TASK DETAILS:
Each record must be returned exactly, apart from the pictures, which stay out.

*** Opening INPUT DATA ***

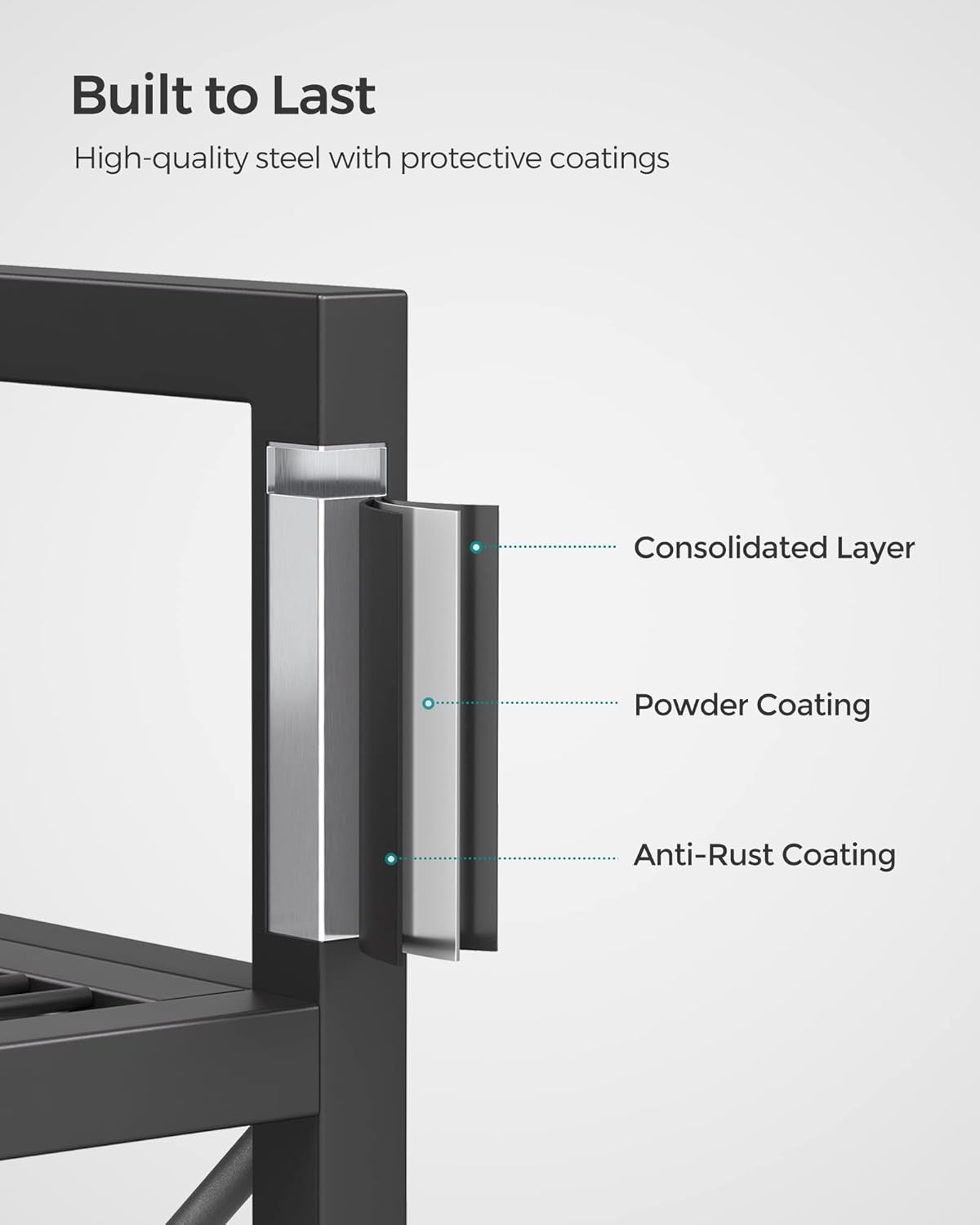 - Solid structure: The robust steel frame with reinforced X bars holds your items stably and firmly.
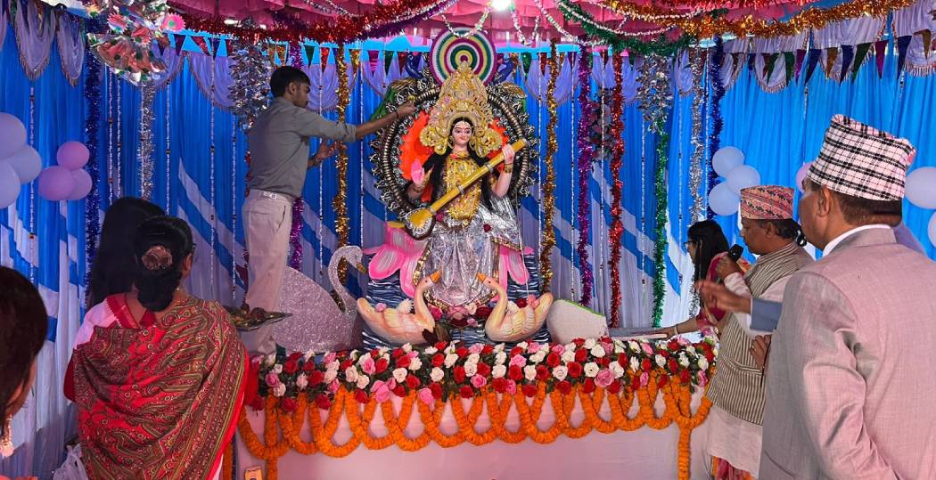 विराटनगर । विराटनगर-५ स्थित एभरेष्ट सेकेन्डरी स्कुलमा आज धुमधामका साथ वैदिक विधिद्वारा सरस्वती पूजा गरिएको छ । मन्टेश्वरी, सेकेन्डरी र कलेजमा छुट्टाछुट्टै मूर्ति स्थापना गरि सरस्वतीको पूजा गरिएको हो ।
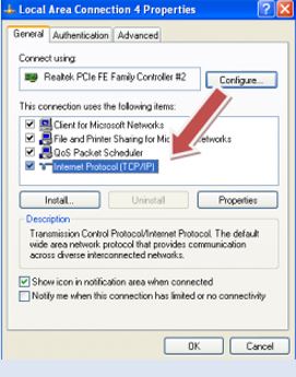 3. Pada Jendela " General ", Klik dua kali pada Internet Protocol (TCP/IP).
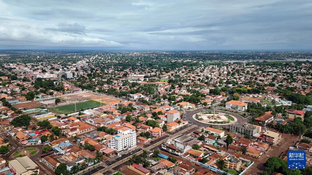 這是7月7日在幾內(nèi)亞比紹首都比紹拍攝的城市風(fēng)光(無(wú)人機(jī)照片)。新華社記者 韓旭 攝
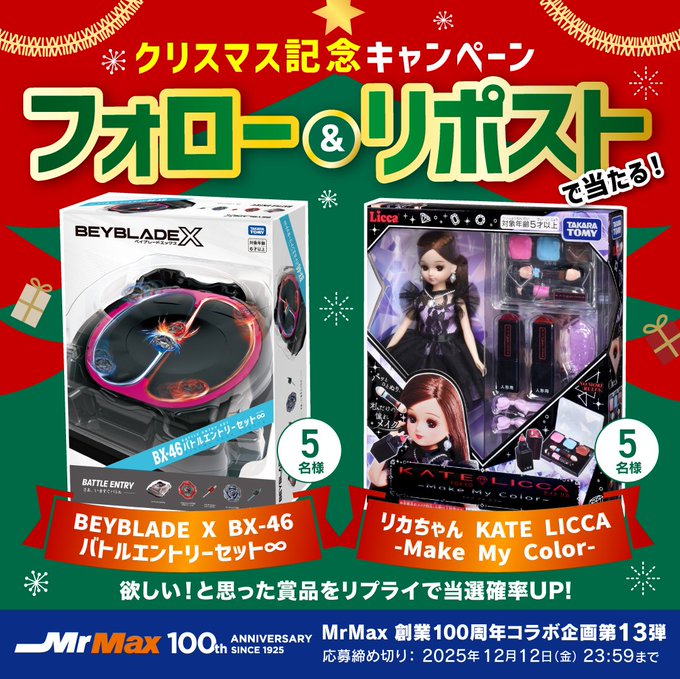 賞品:BEYBLADE X BX-46 バトルエントリーセット∞、リカちゃん KATE LICCA -Make My Color-(合計10名様)
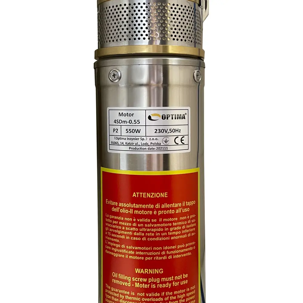 Насос OPTIMA 4SDm3 / 9 0.55 кВт 65м оснащений асинхронним однофазними двигуном з коротко замкнутим ротором і «плаваючим» робочим колесом, для реалізації підвищеної стійкості до піску. Насос комплектується вбудованим в пульт теплової захистом, а також конденсаторним блоком. Двигун заповнений спеціальним мінеральним маслом для ефективного охолодження (тепловіддачі в навколишнє середовище), а також для змащення й охолодження підшипників і механічного ущільнення.
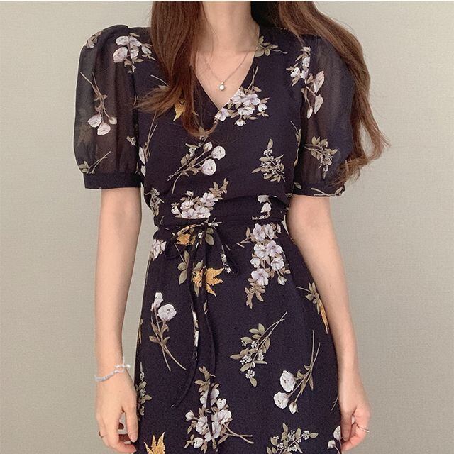 Vネックウェストスリーブロングスタンダードシフォンプリントドレス レディース レトロ 韓国婦人54137551120
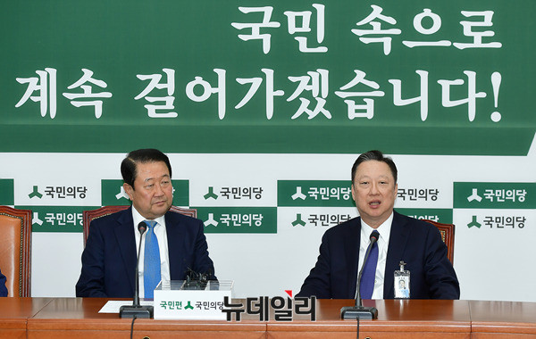 박용만 대한상공회의소 회장이 12일 오전 국회 국민의당을 예방해 박주선 비상대책위원장과 대화를 나누고 있다.
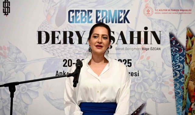 Kültür ve Turizm Bakanlığı'nın desteğiyle Resim Heykel Müzesi'ndeki Mihri Müşfik salonunda açılışı yapılan sergide 18 eser yer aldı. İnsanın doğum ve ölüm arasındaki yolculuğunun tema edildiği sergiye "Gebe-Ermek' adını verdiğini söyleyen sanatçı Derya Şahin, "Geleneksel sanatların ruha sefa, cana şifa gücüne olan inançla çıktım bu yola Hem sanatın ruhumuzu teskin eden iyileştirici gücüne dikkat çekmek hem de insanın kadim yolculuğuna estetik bir dokunuş yapmak istedim. Sergideki her eser kendi içinde bir hikâye barındırırken, bir bütün halinde değerlendirildiğinde yaşamın kendisini ele alan bir seyahat gibi oldu. Bu süreçte bana destek veren herkese teşekkür ederim" dedi.
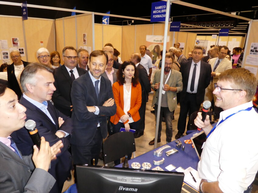 La grande salle du complexe Scénéo accueillait en ce 1er juin plus de 100 sociétés et organismes dédiés à la création d’entreprise, sur une surface de 3 000 m². Auparavant, les patrons et DRH présents avaient listé les postes proposés. C’est ainsi qu’un millier de propositions étaient répertoriées sur un grand mur et classées selon les domaines d’activité (secrétariat, comptabilité, transport, marketing…) pour faciliter les recherches des candidats. Une appli Smartphone optimisait leurs déplacements dans les différentes allées du Salon.
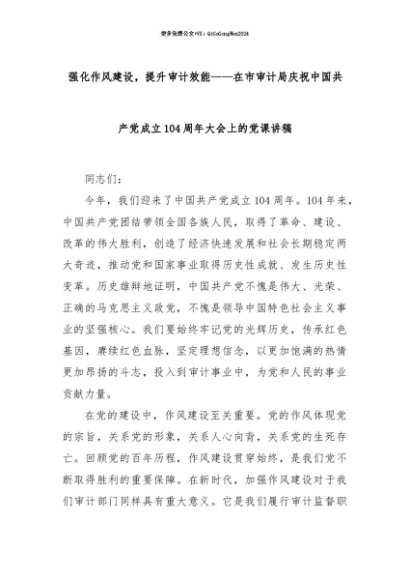 【七哥公文】2025年:【七哥公文】强化作风建设,提升审计效能——在市审计局庆祝中国共产党成立104周年大会上的党课讲稿+更多免费公文+VX:QiGeGongWen2024+更多免费公文+VX:QiGeGongWen2024
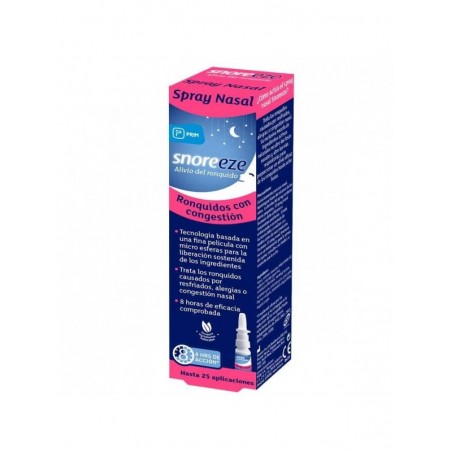 Snoreeze spray nasal es una solución que se aplica en las fosas nasales con el propósito de ayudar a descongestionarlas y reducir progresivamente los ronquidos que esto puede ocasionar. Su fórmula crea una película fina que libera constantemente los ingredientes activos. La congestión nasal puede formarse después de una inflamación de los tejidos producto de un resfriado o una alergia que bloquean el adecuado flujo de aire. Los ingredientes naturales del producto contribuyen a la desinflamación y lubricación de las fosas. El spray nasal cuenta con potentes ingredientes activos procedentes de la naturaleza como el aceite de tomillo, aceite esencial de lavanda, extracto de maravilla, glicerina y mentil lactato. El aceite de tomillo tiene propiedades antibacterianas conocidas, además de tener especial influencia sobre las afecciones respiratorias. Ejerce un conocido efecto sobre la congestión nasal y la tos. Al aceite esencial de lavanda, por su parte, se le atribuyen propiedades antifúngicas y analgésicas. El extracto de maravilla se usa para ayudar a aliviar los procesos inflamatorios. La glicerina se encarga de hidratar y lubricar la piel de las fosas y minimiza las molestias que pueden ocasionar las alergias y las gripes. Por otra parte, el mentil lactato es un ingrediente que se obtiene de forma natural y que posee efecto refrescante y calmante propio del mentol. Se presenta en formato de 10 ml para 25 aplicaciones.

*** Closing INPUT DATA ***

SOLUTION BELOW:
 - Solid structure: The robust steel frame with reinforced X bars holds your items stably and firmly.
 विराटनगर । विराटनगर-५ स्थित एभरेष्ट सेकेन्डरी स्कुलमा आज धुमधामका साथ वैदिक विधिद्वारा सरस्वती पूजा गरिएको छ । मन्टेश्वरी, सेकेन्डरी र कलेजमा छुट्टाछुट्टै मूर्ति स्थापना गरि सरस्वतीको पूजा गरिएको हो ।
 3. Pada Jendela " General ", Klik dua kali pada Internet Protocol (TCP/IP).
 這是7月7日在幾內(nèi)亞比紹首都比紹拍攝的城市風(fēng)光(無(wú)人機(jī)照片)。新華社記者 韓旭 攝
 賞品:BEYBLADE X BX-46 バトルエントリーセット∞、リカちゃん KATE LICCA -Make My Color-(合計10名様)
 Насос OPTIMA 4SDm3 / 9 0.55 кВт 65м оснащений асинхронним однофазними двигуном з коротко замкнутим ротором і «плаваючим» робочим колесом, для реалізації підвищеної стійкості до піску. Насос комплектується вбудованим в пульт теплової захистом, а також конденсаторним блоком. Двигун заповнений спеціальним мінеральним маслом для ефективного охолодження (тепловіддачі в навколишнє середовище), а також для змащення й охолодження підшипників і механічного ущільнення.
 Vネックウェストスリーブロングスタンダードシフォンプリントドレス レディース レトロ 韓国婦人54137551120
 박용만 대한상공회의소 회장이 12일 오전 국회 국민의당을 예방해 박주선 비상대책위원장과 대화를 나누고 있다.
 Kültür ve Turizm Bakanlığı'nın desteğiyle Resim Heykel Müzesi'ndeki Mihri Müşfik salonunda açılışı yapılan sergide 18 eser yer aldı. İnsanın doğum ve ölüm arasındaki yolculuğunun tema edildiği sergiye "Gebe-Ermek' adını verdiğini söyleyen sanatçı Derya Şahin, "Geleneksel sanatların ruha sefa, cana şifa gücüne olan inançla çıktım bu yola Hem sanatın ruhumuzu teskin eden iyileştirici gücüne dikkat çekmek hem de insanın kadim yolculuğuna estetik bir dokunuş yapmak istedim. Sergideki her eser kendi içinde bir hikâye barındırırken, bir bütün halinde değerlendirildiğinde yaşamın kendisini ele alan bir seyahat gibi oldu. Bu süreçte bana destek veren herkese teşekkür ederim" dedi.
 La grande salle du complexe Scénéo accueillait en ce 1er juin plus de 100 sociétés et organismes dédiés à la création d’entreprise, sur une surface de 3 000 m². Auparavant, les patrons et DRH présents avaient listé les postes proposés. C’est ainsi qu’un millier de propositions étaient répertoriées sur un grand mur et classées selon les domaines d’activité (secrétariat, comptabilité, transport, marketing…) pour faciliter les recherches des candidats. Une appli Smartphone optimisait leurs déplacements dans les différentes allées du Salon.
 【七哥公文】2025年:【七哥公文】强化作风建设,提升审计效能——在市审计局庆祝中国共产党成立104周年大会上的党课讲稿+更多免费公文+VX:QiGeGongWen2024+更多免费公文+VX:QiGeGongWen2024
 Snoreeze spray nasal es una solución que se aplica en las fosas nasales con el propósito de ayudar a descongestionarlas y reducir progresivamente los ronquidos que esto puede ocasionar. Su fórmula crea una película fina que libera constantemente los ingredientes activos. La congestión nasal puede formarse después de una inflamación de los tejidos producto de un resfriado o una alergia que bloquean el adecuado flujo de aire. Los ingredientes naturales del producto contribuyen a la desinflamación y lubricación de las fosas. El spray nasal cuenta con potentes ingredientes activos procedentes de la naturaleza como el aceite de tomillo, aceite esencial de lavanda, extracto de maravilla, glicerina y mentil lactato. El aceite de tomillo tiene propiedades antibacterianas conocidas, además de tener especial influencia sobre las afecciones respiratorias. Ejerce un conocido efecto sobre la congestión nasal y la tos. Al aceite esencial de lavanda, por su parte, se le atribuyen propiedades antifúngicas y analgésicas. El extracto de maravilla se usa para ayudar a aliviar los procesos inflamatorios. La glicerina se encarga de hidratar y lubricar la piel de las fosas y minimiza las molestias que pueden ocasionar las alergias y las gripes. Por otra parte, el mentil lactato es un ingrediente que se obtiene de forma natural y que posee efecto refrescante y calmante propio del mentol. Se presenta en formato de 10 ml para 25 aplicaciones.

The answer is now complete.